Harbin se incorporó ligeramente.
—Olvida las esmeraldas —replicó—. Ahora lo más importante son los tres policías muertos. Eso es nuevo para nosotros. —Se incorporó del todo y apoyó los pies en el suelo—. Es por eso por lo que has de venir conmigo. Has de quedarte conmigo. Estás implicada, Gladden. Ojalá no lo estuvieras, pero lo estás. Tú, Baylock y yo. Los tres estamos metidos en esta situación y debemos movernos rápidamente. Tenemos que escapar.
—¿Tan inmediato es el peligro?
—No sé exactamente si el peligro es tan inmediato, pero sí sé que no podemos quedarnos para averiguarlo.
Gladden permaneció unos instantes en silencio.
—Pensaba que me había salido —dijo al fin—. Tenía una sensación maravillosa, como si me hubiera librado de una terrible jaqueca que me hubiera hecho sufrir durante toda mi vida. Y ahora vuelvo a estar metida. Tengo la jaqueca otra vez. —Se puso en pie, caminó hasta la puerta y se la quedó mirando como si fuera un muro de acero. Luego, se volvió y se dirigió hacia él—. Has vuelto a meterme en el asunto.
—Las circunstancias.
—No; las circunstancias, no. —Su mirada y su voz reflejaban una falta de razonamiento—. No han sido las circunstancias. Has sido tú, Nat. Tú. Has vuelto a meterme, como siempre. Pero te digo que no quiero volver. —Todo su cuerpo se estremeció—. No quiero, no quiero, nunca lo he querido. Quiero salirme. —Se le acercó más—. ¡Quiero salirme!
—Si lo pensaras bien verías mis razones.
—Sólo hay una razón para que quieras mantenerme colgada de tu cuello. Así es más seguro.
Harbin se quedó sin habla. Lo que cayó sobre él, aplastándolo, era el peso total de todos los años, y la voz de Gladden era una hoja que lo cortaba, lo desmoronaba todo y le demostraba que, a fin de cuentas, ese total equivalía únicamente a una terrible broma que se había gastado a sí mismo.
Pero sabía que aún quedaba algo más y esperó a que llegara, al igual que un hombre atado a los raíles del tren espera el momento del impacto. Alzó la vista hacia ella y percibió la palidez de su rostro, la extraña llama que ardía en sus ojos.
Y entonces llegó.
—¡Hijo de perra! —estalló—. Todo este tiempo me has hecho pensar que cuidabas de mí, cuando tú sólo te cuidabas a ti mismo. ¡Sucio y tramposo hijo de perra! ¡Te odio!

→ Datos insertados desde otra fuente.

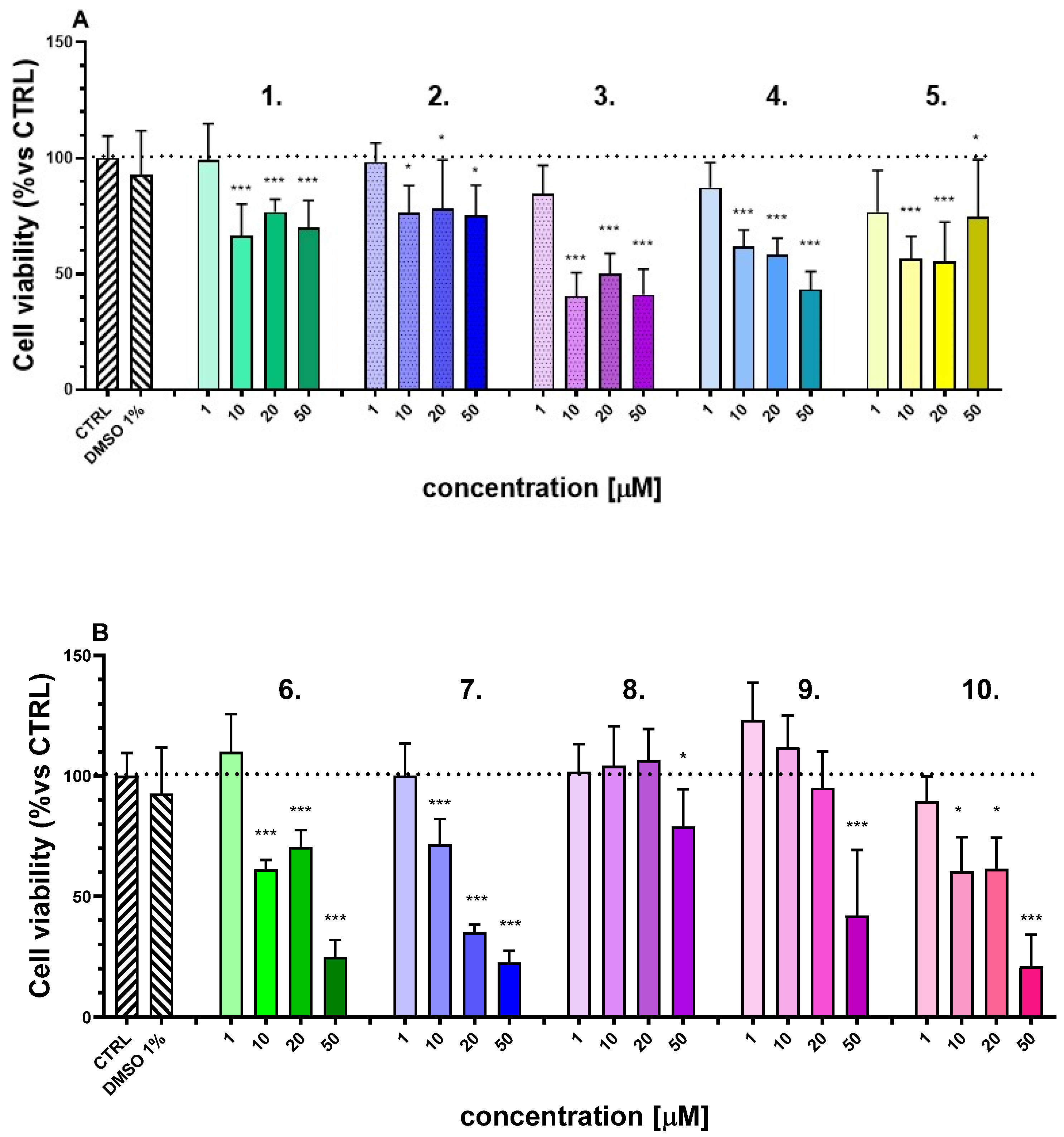 Following the in vitro toxicity evaluation, the specific non-toxic concentrations of the compounds, i.e., the highest concentration that did not produce a significant reduction in cell viability after 24 h of treatment, were identified and selected for further experimental investigation (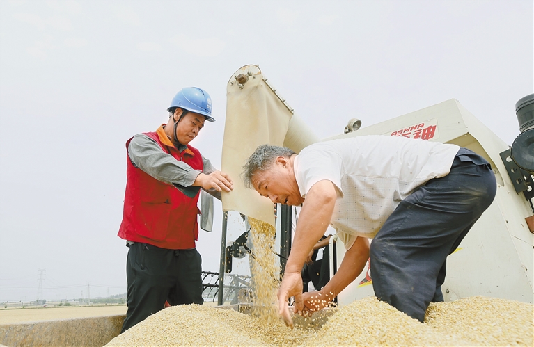 图为5月27日,在河南省汝阳县陶营村,汝阳县供电公司焦裕禄共产党员服务队队员帮助农民抢收小麦。新华社发
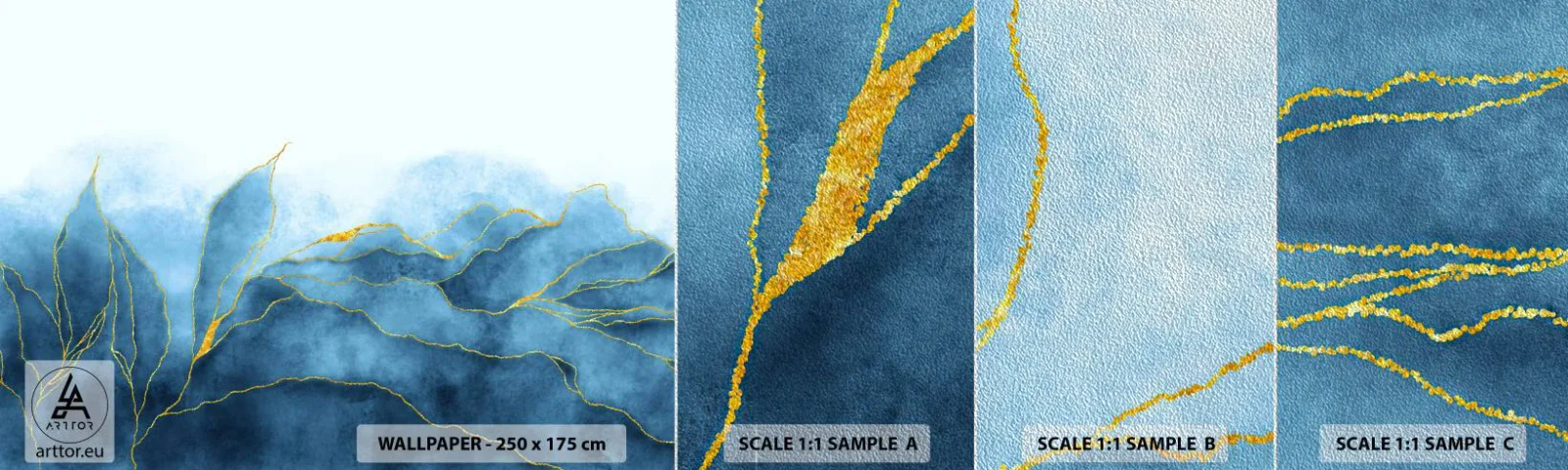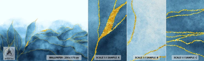 Prøve Fototapet Premium Sand - Blå i guld - Luksus, Glamour, Abstraktion - 100x30 cm

Harbin apartó la cabeza, pero ella fue más veloz y sus dedos llegaron a su cara, sus uñas se le hundieron en la carne, y sintió la herida como una helada quemadura. Luego, Gladden retrocedió con la cara contraída, mostrando los dientes.
—Ahora tienes una oportunidad —añadió—. ¿Por qué no te aseguras definitivamente? Haz lo que siempre has deseado hacer. Líbrate de mí para siempre. Asegúrate de que no pueda hablar y estarás seguro. —Señaló su propia garganta—. Mira qué fina es. Te resultará fácil. No tardarás nada.
La puerta pareció moverse hacia él. Cuando la abrió, con Gladden a sus espaldas, esperó sin saber a qué esperaba. La habitación quedó sumida en el silencio, como una habitación vacía. Terminó de abrir la puerta, salió al pasillo y la cerró lentamente como si Gladden estuviera durmiendo y no quisiera despertarla. Echó a andar hacia el ascensor.